Published June 12, 2014
A UB physician and expert in refugee health has been named the primary clinician and medical director of the Western New York Center for Survivors of Refugee Trauma and Torture. The center is a collaborative initiative conceived and funded by Jewish Family Service of Buffalo and Erie County through a grant from the New York State Health Foundation.
Kim Griswold, associate professor in the departments of Family Medicine and Psychiatry in the School of Medicine and Biomedical Sciences, will conduct forensic exams of refugees from all over the world who are being resettled in Buffalo and Rochester.
Certified by Physicians for Human Rights, her work with the center involves documenting and assessing evidence of torture and trauma in refugees and asylum-seekers. She also is required to provide testimony at asylum hearings.
“The UB Department of Family Medicine has been highly visible in serving this region’s immigrant population,” says Marlene Schillinger, president and chief executive officer of Jewish Family Service of Buffalo and Erie County. “We are mounting this critically needed project with the goal of integrating physical and behavioral health care for refugees. Dr. Griswold has unique qualifications to do this.”
Jewish Family Service is one of Buffalo’s four federally certified refugee-resettlement agencies. In addition to UB Family Medicine, partners in the recently launched project are Lake Shore Behavioral Health, Journey’s End Refugee Services and Vive La Casa, with Rochester Catholic Family Center as a regional collaborator. Other UB partners on the project include the UB Global Health Initiative in the School of Public Health and Health Professions.
More than 90 percent of the state’s refugees settle in upstate New York. An estimated 1,500 new refugees resettle in Western New York annually from Sudan, Somalia, Burma, Iraq, Bhutan, Nepal and other conflict-ridden countries.
“The more refugees coming from places experiencing major conflicts, like Syria, the more there is a chance that they may have suffered trauma and/or torture,” says Griswold. “They have a trauma history that we, as their providers, need to know about. They may have witnessed violence or been beaten or raped, and we, as objective assessors for court testimony, need to know how to do a sensitive inquiry. There are specific techniques that we are trained to use, a process of inquiry and documentation that allows us to identify trauma and torture.”
According to Griswold, broaching these subjects with victims requires extraordinary care.
“Survivors have their armor on,” she says. “They want to protect you from knowing what has happened to them. You don’t want to strip off all the armor in one piece. They would fall apart. It’s a process. Providers have to learn how to work well with interpreters and to be culturally competent.”
Griswold says the types of torture and trauma many resettled refugees experience range from sexual violence to state-sponsored violence in order to elicit information, or being forced to witness violence against a family member.
“Sometimes it’s not torture per se, but extreme trauma,” says Griswold. “They have seen horrible things that don’t leave a physical mark, but leave an imprint forever.”
The center will help create a coordinated network of care for these populations.
“Now, if we have a referral for a specific refugee or asylum-seeker, we’ll have a better network of providers who can care for them,” Griswold explains. “Whether it’s medical, social work or mental health counseling, we’ll have a better fabric of providers who can seamlessly care for this person.”

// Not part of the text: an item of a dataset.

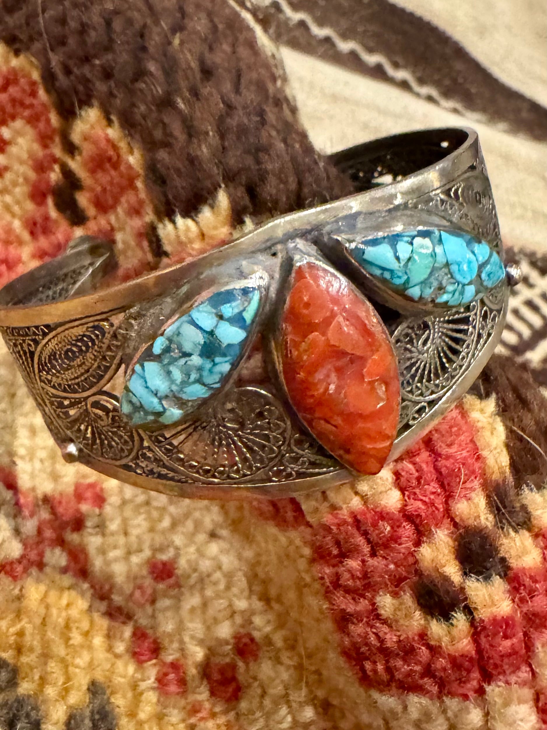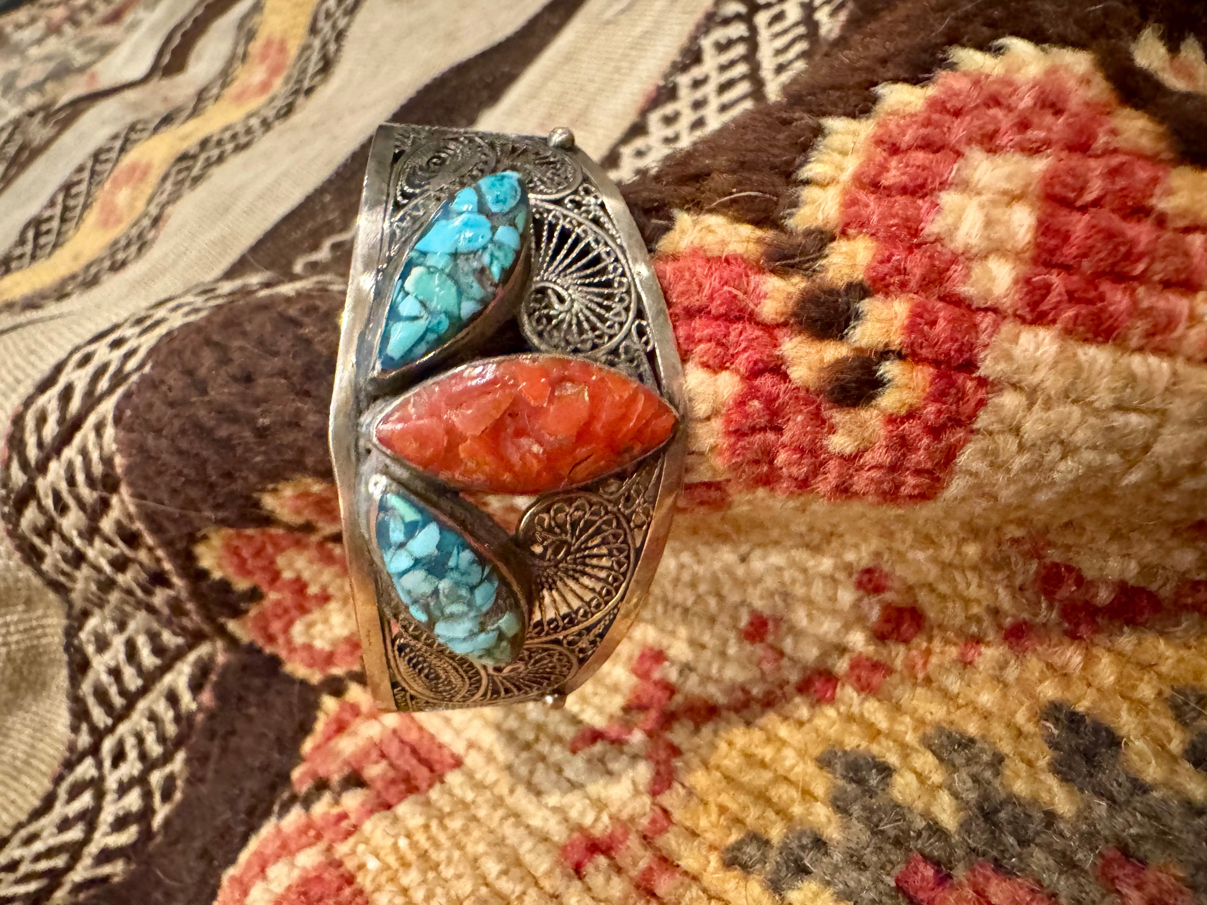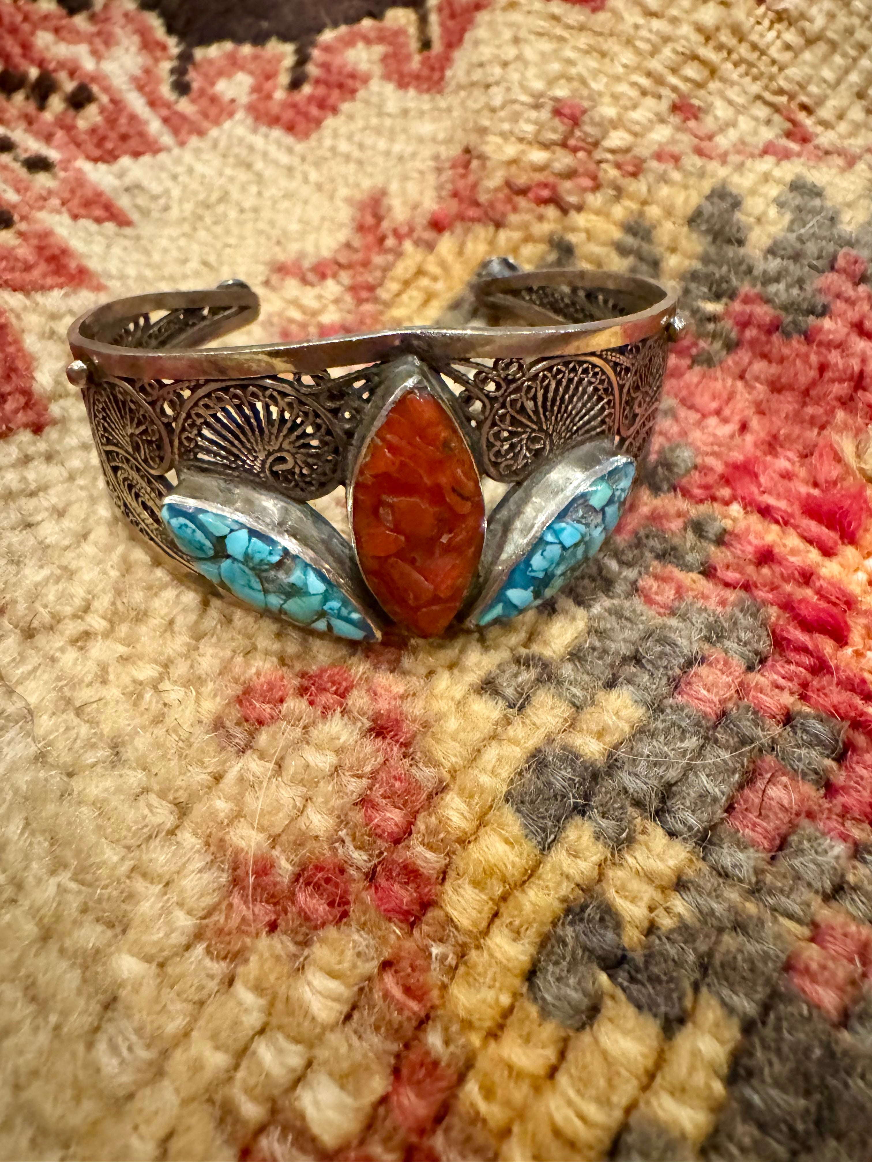 This antique Native American sterling silver turquoise and coral cuff showcases a beautiful filigree design, adding a touch of elegance to any outfit. The adjustable open fit makes it comfortable and easy to wear. Crafted with expert precision, this timeless and versatile cuff uplifts even a simple t shirt.

Pam Kefi, JFS Buffalo’s director of program development and implementation, notes that from a human rights perspective, “it’s important to help remove barriers to self-sufficiency. We hope to improve people’s ability to live independently well.”
In addition to providing care directly to Buffalo’s refugee population, Griswold will conduct research on how well the project is going in order to assess its success.
“The research aspect will show us where there are gaps in service,” she explains. “It also will demonstrate how this project can help us use resources more wisely. Treating people who have been victims of torture and trauma will, in the end, result in their becoming more successful, contributing members of the community.”
Interprofessional education among UB’s health sciences schools also will be impacted, as students will have opportunities to become more familiar with issues in the refugee community. This summer, two UB medical students will be working with Griswold to help identify health and medical networks in Buffalo for this population and to identify services that may be missing.
“From my perspective, refugees and asylees are incredibly vulnerable populations,” says Kathleen Soltis, president of the UB student chapter of Physicians for Human Rights and a second-year medical student. “We don’t receive a lot of education on them in the formal medical curriculum, but through our clinical work with mentors in the community, we often come into contact with them. It gives us the opportunity to learn about different medical issues that refugees experience that you don’t see in the rest of the community.”